→ **Problem statement**
Leave the pictures in the listing below aside and reproduce exactly the lines starting with the one with "소방시설공사업 면허 취득을 하기 위한 자본금 1억 이상의 준비가 필요합니다." and going on through the one with "主料:木棉豆腐1盒 金针菇1盒 其他菇类(根据个人喜好)1盒", both ends included.

→ **Information supplied**
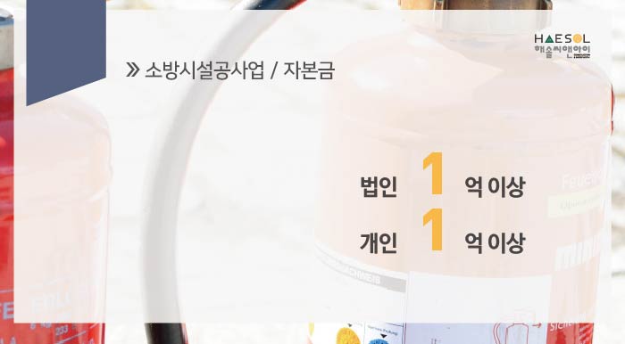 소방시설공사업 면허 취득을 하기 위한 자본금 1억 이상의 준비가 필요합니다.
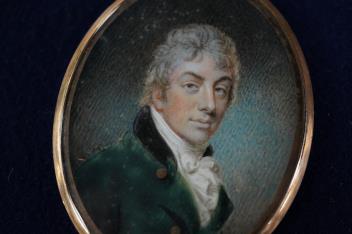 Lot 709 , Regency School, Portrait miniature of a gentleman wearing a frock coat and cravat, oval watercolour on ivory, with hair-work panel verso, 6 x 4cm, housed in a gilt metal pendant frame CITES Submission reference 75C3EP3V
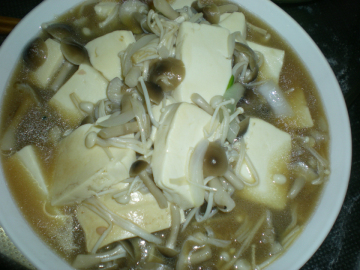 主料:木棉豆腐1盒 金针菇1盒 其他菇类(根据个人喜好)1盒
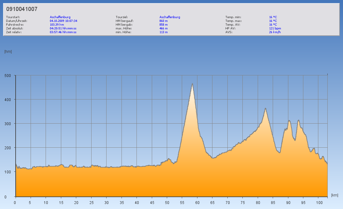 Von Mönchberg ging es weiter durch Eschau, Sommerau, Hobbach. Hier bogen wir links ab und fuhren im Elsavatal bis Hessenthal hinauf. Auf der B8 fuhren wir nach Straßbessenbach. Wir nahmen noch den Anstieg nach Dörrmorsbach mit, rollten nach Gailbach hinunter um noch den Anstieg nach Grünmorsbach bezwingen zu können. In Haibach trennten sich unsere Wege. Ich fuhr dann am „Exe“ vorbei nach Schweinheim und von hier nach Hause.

--

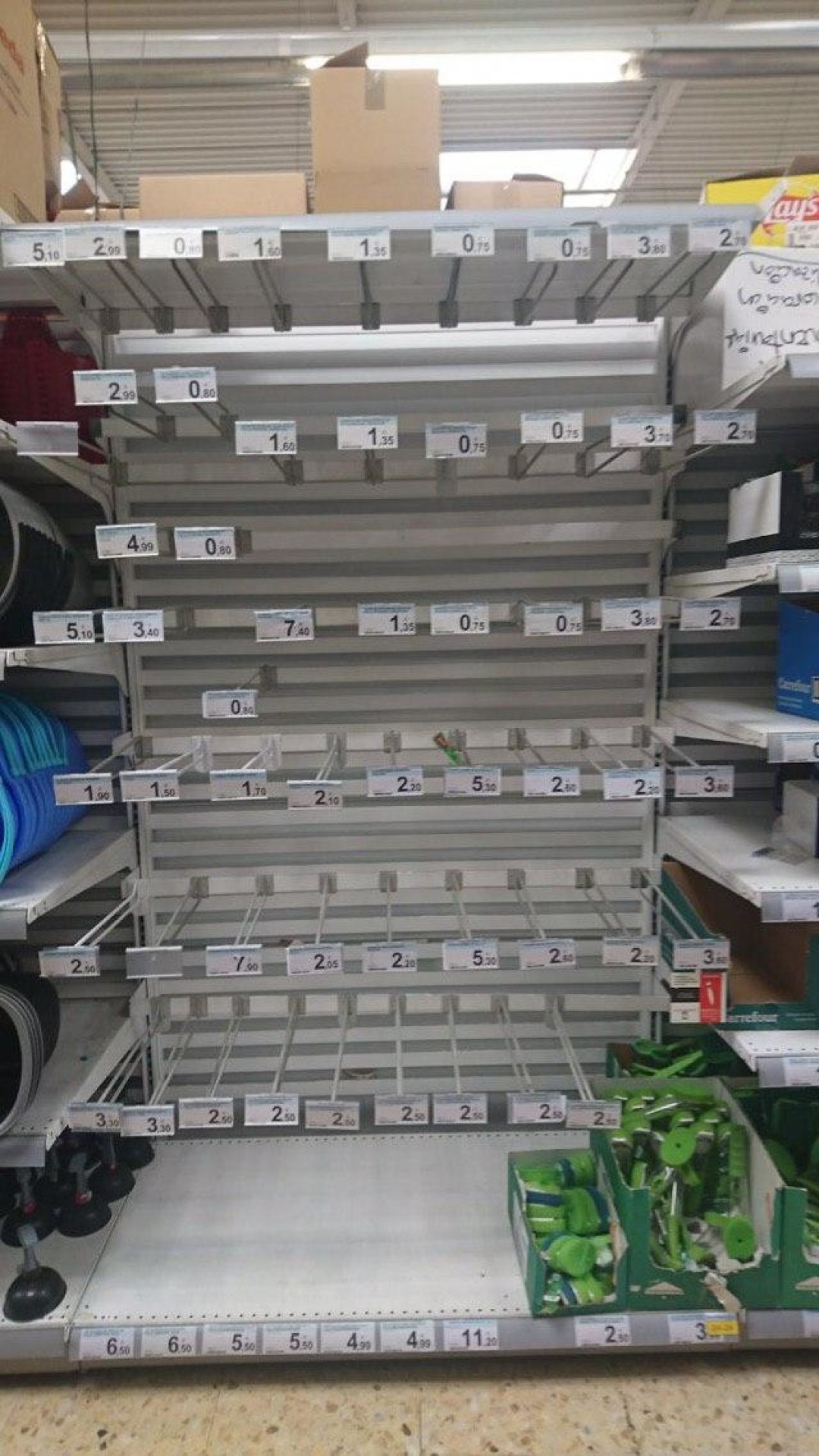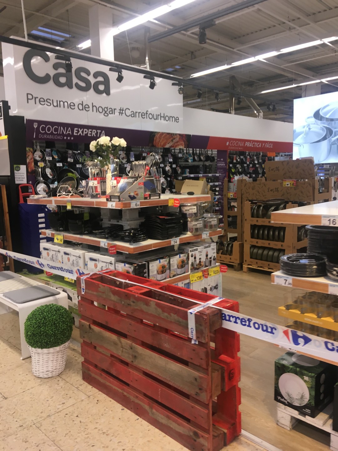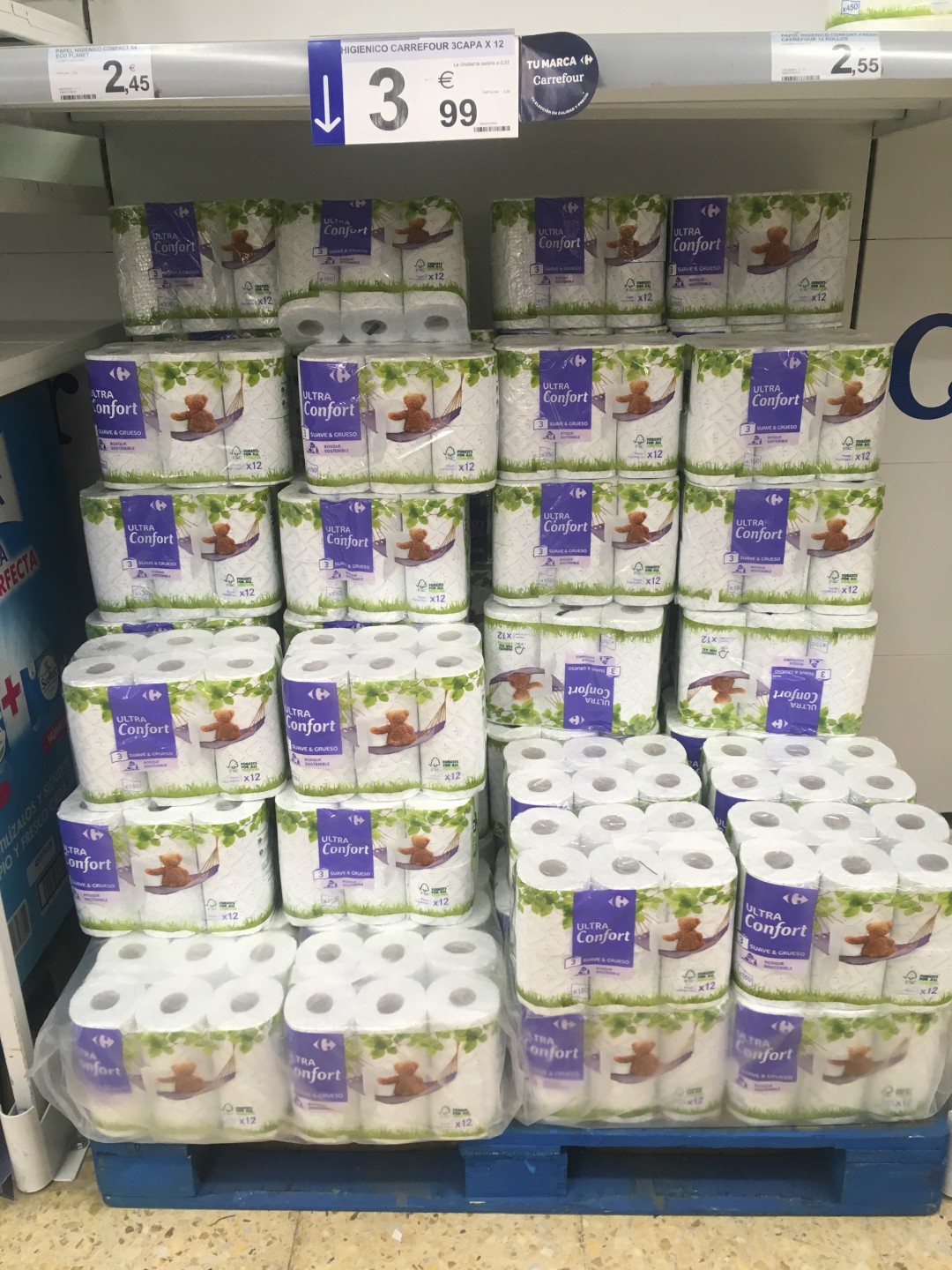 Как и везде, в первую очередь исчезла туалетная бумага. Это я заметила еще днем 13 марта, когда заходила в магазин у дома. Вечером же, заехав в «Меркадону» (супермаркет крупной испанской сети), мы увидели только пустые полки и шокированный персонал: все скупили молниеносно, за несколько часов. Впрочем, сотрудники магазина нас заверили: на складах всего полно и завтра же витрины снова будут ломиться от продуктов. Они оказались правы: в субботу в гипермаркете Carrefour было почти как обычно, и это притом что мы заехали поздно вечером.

→ **Written reply**
 소방시설공사업 면허 취득을 하기 위한 자본금 1억 이상의 준비가 필요합니다.
 Lot 709 , Regency School, Portrait miniature of a gentleman wearing a frock coat and cravat, oval watercolour on ivory, with hair-work panel verso, 6 x 4cm, housed in a gilt metal pendant frame CITES Submission reference 75C3EP3V
 主料:木棉豆腐1盒 金针菇1盒 其他菇类(根据个人喜好)1盒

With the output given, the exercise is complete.